Later this month, the traditional handshake between the CEO’s of General Motors, Ford and Chrysler with the UAW President will kick off possibly the most highly publicized contract talks of any industry.

Making a different picture was a challenge as the photo op was identical for all of three companies who held separate events, every few years, at the beginning and the end of negotiations. The drama in the final hours was like a sporting event where everything seems to happen in the final seconds. The media used to sleep on the floors of the pressrooms waiting for the “we have a deal” announcement.

The last time covering this story I took a risk. Although given a fair share of kudos for the picture, I wish I could take credit for the idea; it was far from mine. It was taken from the playbook of my former boss at UPI.

The title of Howard Cosell’s book “I Never Played the Game,” reminds me of my former boss. Although never a photographer, he edited, composed, gave the idea and inspired countless pictures. He made average photographers good and good photographers great. You probably don’t realize it but to this very day you see his vision in books, magazines and throughout the Internet, but never shot a frame.
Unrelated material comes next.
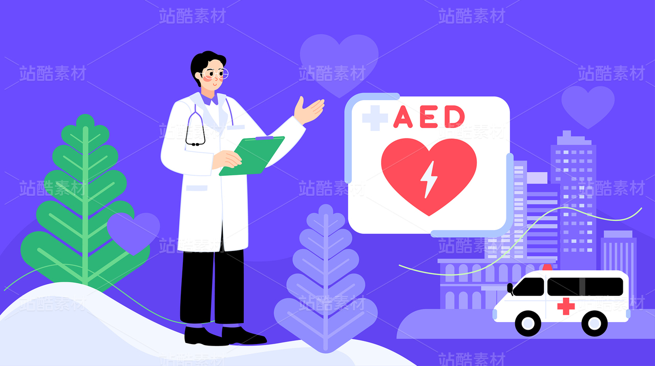 個男醫(yī)生AED除顫儀心救護車建筑樹木矢量插畫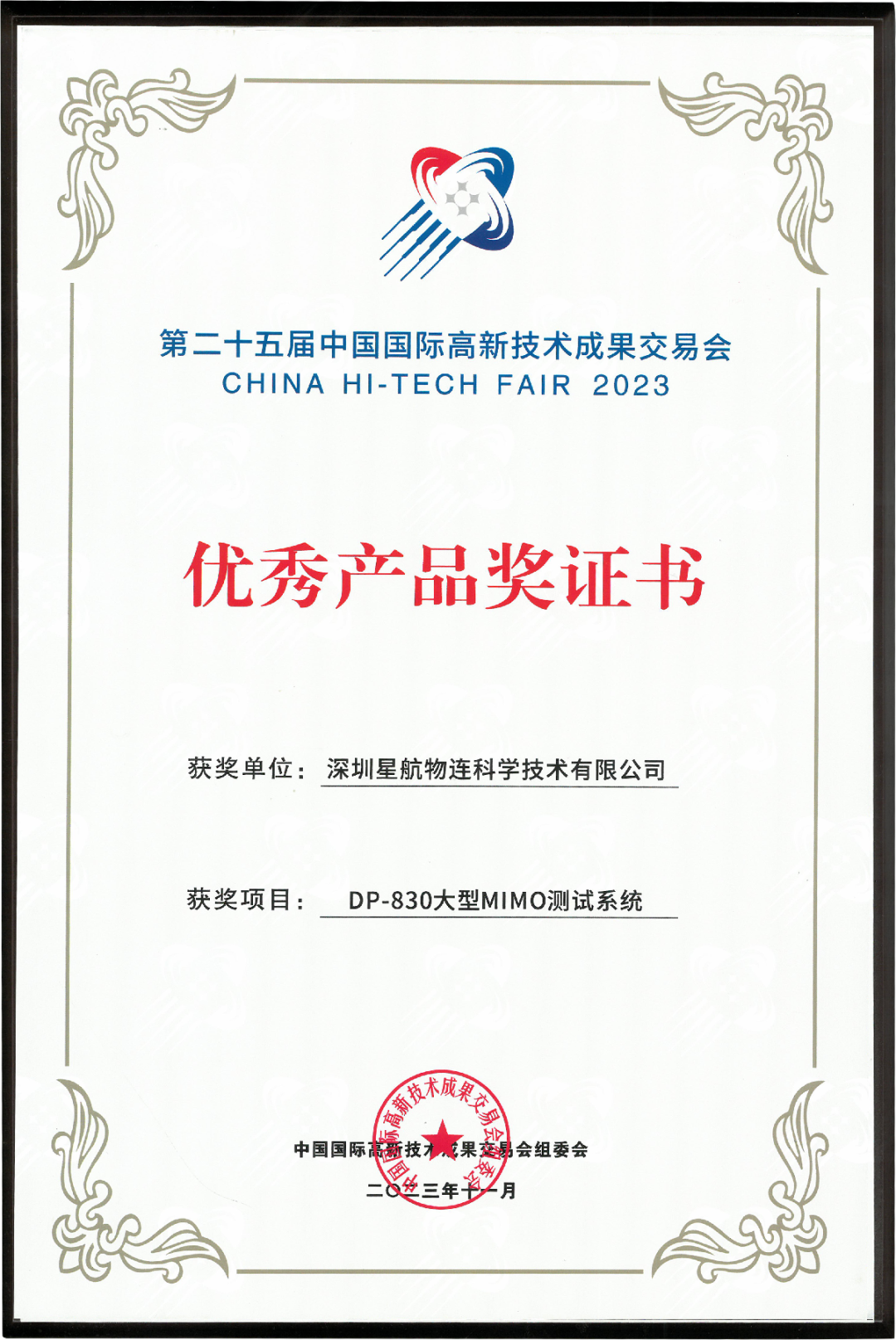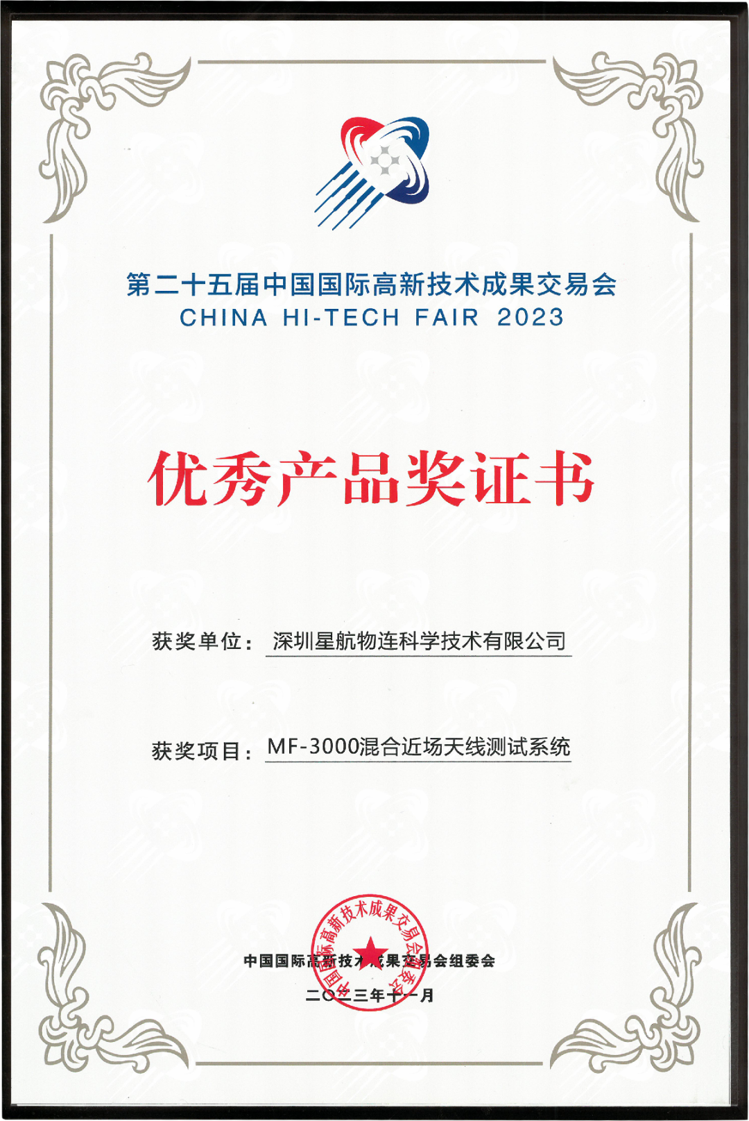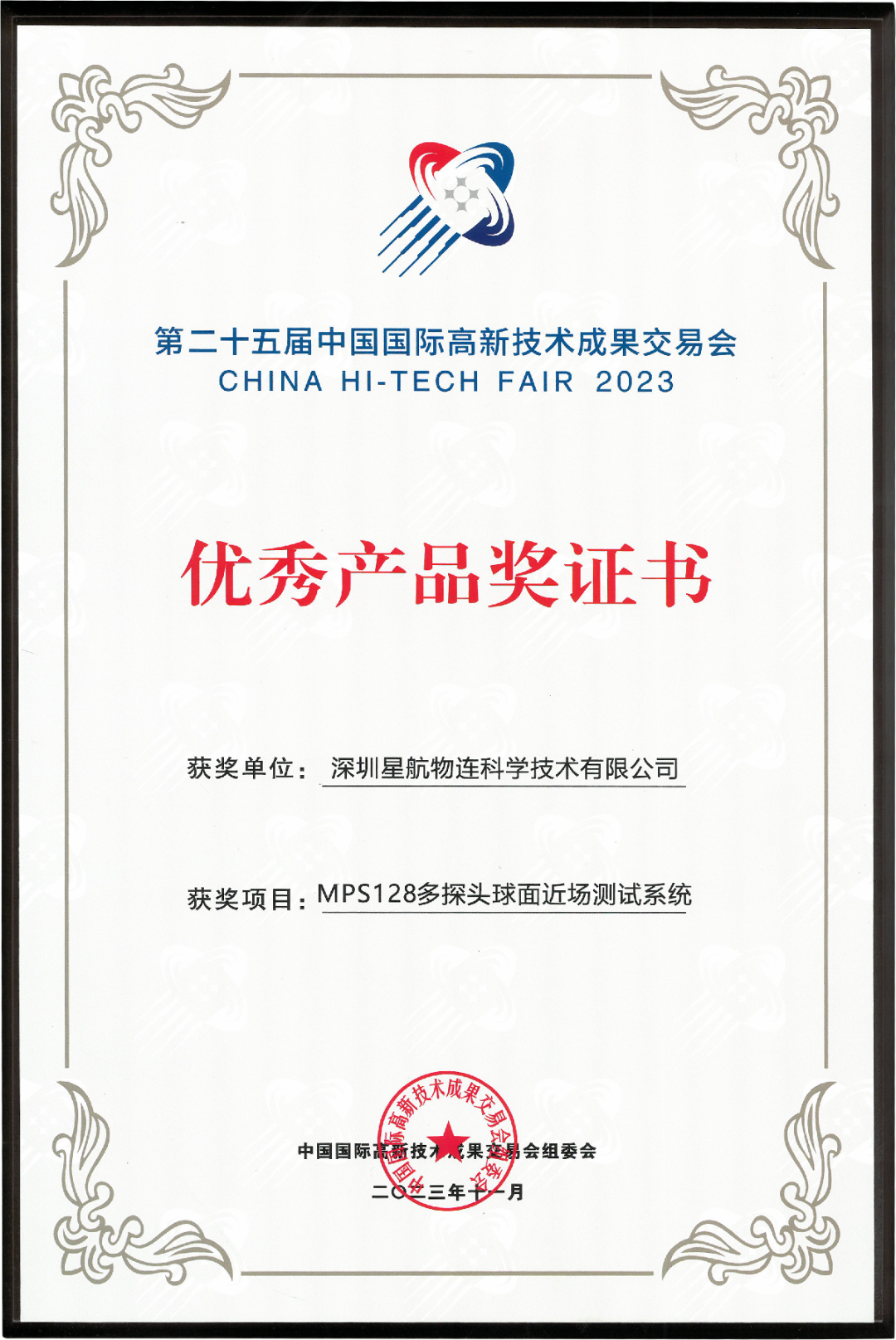 最后,经由专家评审和高交会组委会评选,在众多评选企业中,星航物连携MPS128多探头球面近场测试系统、MF-3000混合近场天线测试系统、DP-830大型MIMO测试系统、CTR-60毫米波紧缩场测试系统、VAT-S整车OTA测试系统、MPS6860多探头测试系统荣获“优秀产品奖”和“优秀展示奖”!

When then Soviet leader Mikhail Gorbachev and President Ronald Reagan were to meet, my former boss told one of our guys he had a unique picture idea. Instead of the full body or waist up of both leaders shaking hands, which members of our team were going to make, he wanted him to go tight on just the two hands of the most powerful people clutching each other. It was brilliant and impactful. The following day every newspaper led with that picture.

"GM UAW handshake By: Joe Polimeni"
GM UAW handshake By: Joe Polimeni

Years later as I was standing at the end of the long table waiting for the President of the UAW and GM CEO to shake hands.  I read a chapter from his playbook and knew what I was going to shoot.

Old ideas, that are good ideas, never get stale. And my former boss is one of the best photographers who never shot a frame.